A l’échelle locale, les participants mettent en avant deux enjeux principaux des relations entre tourisme et aménagement du territoire. Ils soulignent tout d’abord les problèmes liés à la cohabitation de différents usagers au sein des mêmes espaces. Autour des hauts lieux touristiques, par exemple les lacs de l’Eau d’heure, des tensions naissent aujourd’hui entre différentes catégories d’usagers, en particulier les excursionnistes et les touristes en séjour. En été, les parkings et les zones de détente sont saturées, ce qui incommode les touristes en séjour. Certains intervenants attirent par ailleurs l’attention sur la sous-occupation des résidences secondaires, dont les lits restent « froids » pendant une bonne partie de l’année. Même si d’autres acteurs soulignent que la mise en location temporaire et le prêt à des membres de la famille ou des amis peuvent augmenter le taux d’occupation des résidences secondaires, il n’en reste pas moins que leur « efficience » reste faible, tant en termes d’occupation du territoire que de retombées économiques.

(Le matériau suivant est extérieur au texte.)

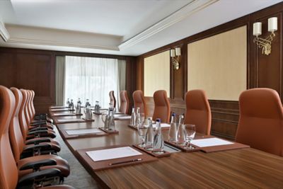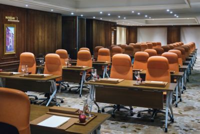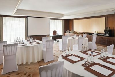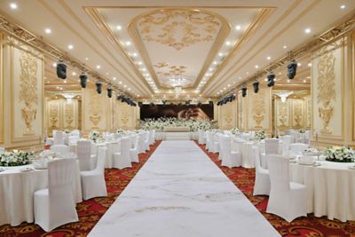 Palladian architecture and an opulent chandelier adds a sense of grandeur and old-world elegance to the Al Karam ballroom. This large open space is the perfect place for you to host your next special event in Jeddah.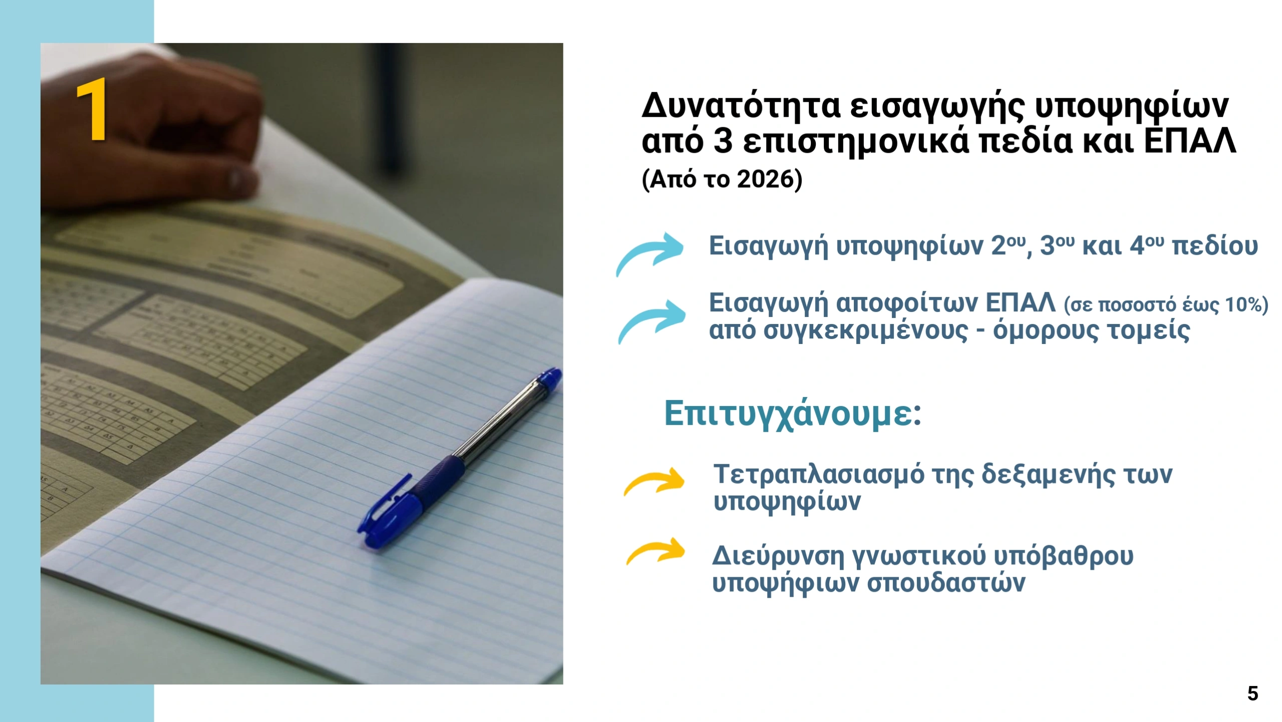 – Δυνατότητα εισαγωγής από τρία επιστημονικά πεδία και επαγγελματικά λύκεια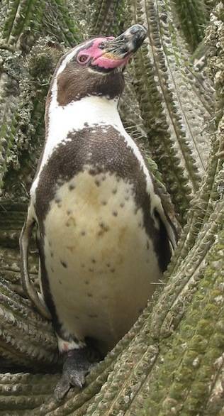 In the case of the African and Humboldt penguins, the most distinguishing feature between the two species is the bill. Humboldts have slightly bigger bills with fewer feathers around them, thus exposing a much larger area of bare skin around the bill than do African penguins. Although I tried hard to see the difference, it was only when Antje sent me these pictures that I could see the obvious!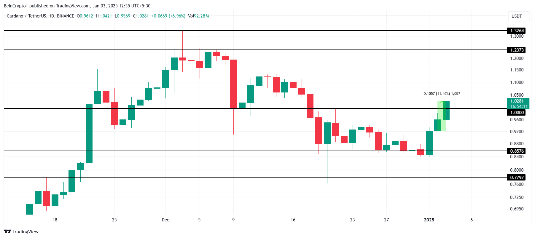 Ang presyo ng Cardano ay tumaas ng 11% sa nakaraang 24 oras, na nagte-trade sa $1.02 sa oras ng pagsulat. Sa pag-break ng $1.00 resistance level, muling nabuhay ang optimismo ng mga investor, na nagpapahiwatig ng potential para sa karagdagang pagtaas. Ang paghawak sa level na ito ay kritikal para sa pagpapanatili ng kumpiyansa sa market.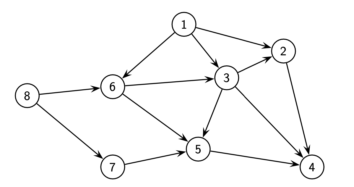 | 有向图 (Directed Graph) | \(G = (V, A)\),其中 \(V = \{1, 2, \ldots, n\}\) 为顶点集;\(A = \{a_1, a_2, \ldots, a_m\}\) 为 \(m\) 条弧 (arcs) 的集合,弧是有序对 \((i, j)\),其中 \(i, j \in V\) | "\(V = \{1, 2, \ldots, n\}\): set of \(n\) vertices (or nodes); \(A = \{a_1, a_2, \ldots, a_m\}\): set of \(m\) arcs, an arc is an ordered pair \((i, j)\), where \(i, j \in V\)" |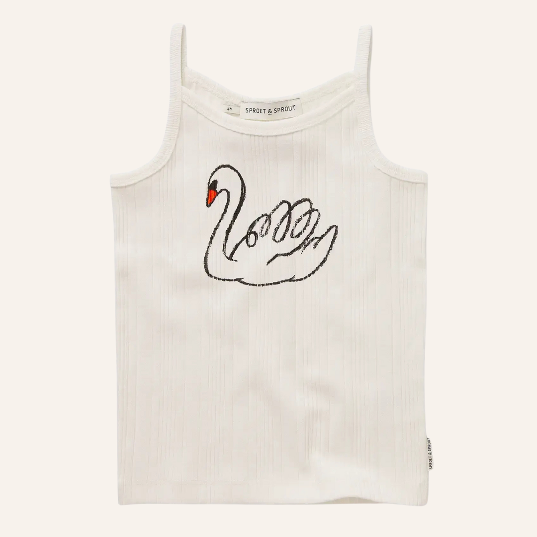 Sproet&Sprout Girls spaghetti top swan - Off white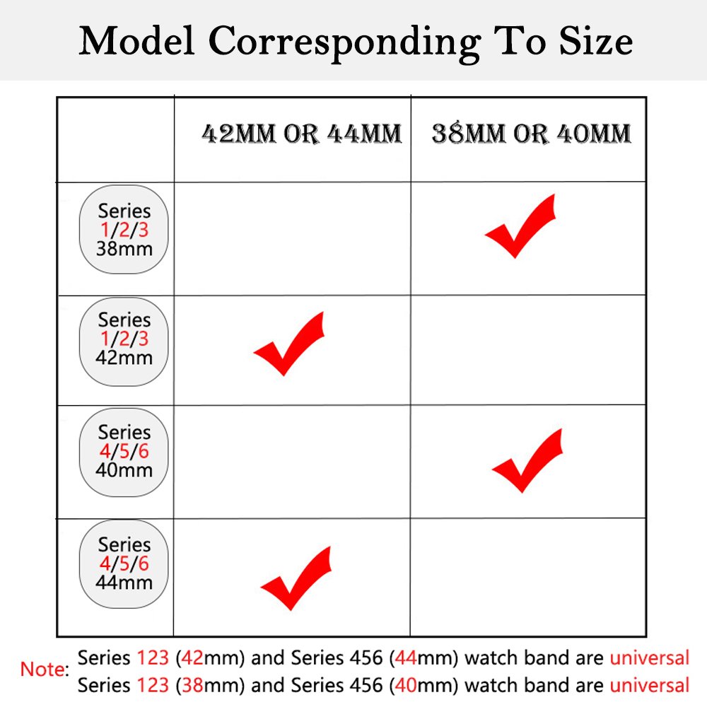 38/40mm S/M, 38/40mm M/L, 42/44mm S/M, 42/44mm M/L

Enfin, plusieurs réflexions ont été formulées à propos de la localisation des établissements eux-mêmes. Pour les intervenants, un établissement est considéré comme « mal localisé » soit lorsque son activité dérange les voisins, soit lorsqu’il est inaccessible en voiture. Sur base de ce constat, certains acteurs plaident pour que davantage d’établissements soient localisés à l’écart des petites villes et des villages, dans des endroits isolés mais accessibles, pour des touristes qui séjournent « en autonomie ».

SUBVENTION 2020·RAPPORT FINAL ·IGEAT/LEPUR·DECEMBRE 2020

4.3.4 Vues par rapport à des éléments connexes

Lors des échanges avec les acteurs, plusieurs thèmes ont été abordés spontanément par les intervenants. A cet égard, il convient de retenir que :

- Plusieurs acteurs considèrent que la catégorisation et le classement existants sont trop rigides et obsolètes, notamment en raison du caractère de plus en plus hybride des établissements touristiques.

- Certains acteurs estiment que la reconnaissance elle-même doit être remise en question car un nombre croissant d’opérateurs ne voient plus l’intérêt de l’obtenir. Ils estiment toutefois qu’il est indispensable de mettre en place des filtres légaux avant d’autoriser l’ouverture d’un établissement touristique. Ces filtres devraient prendre en compte des critères comme la préservation du patrimoine naturel, la conformité au Plan de secteur, les normes de sécurité et le respect des règles environnementales. Dans cette optique, l’idée d’un permis unique d’exploitation, qui établirait les règles à respecter simultanément sur les plans urbanistique, environnemental et touristique, reçoit un accueil favorable auprès de plusieurs intervenants.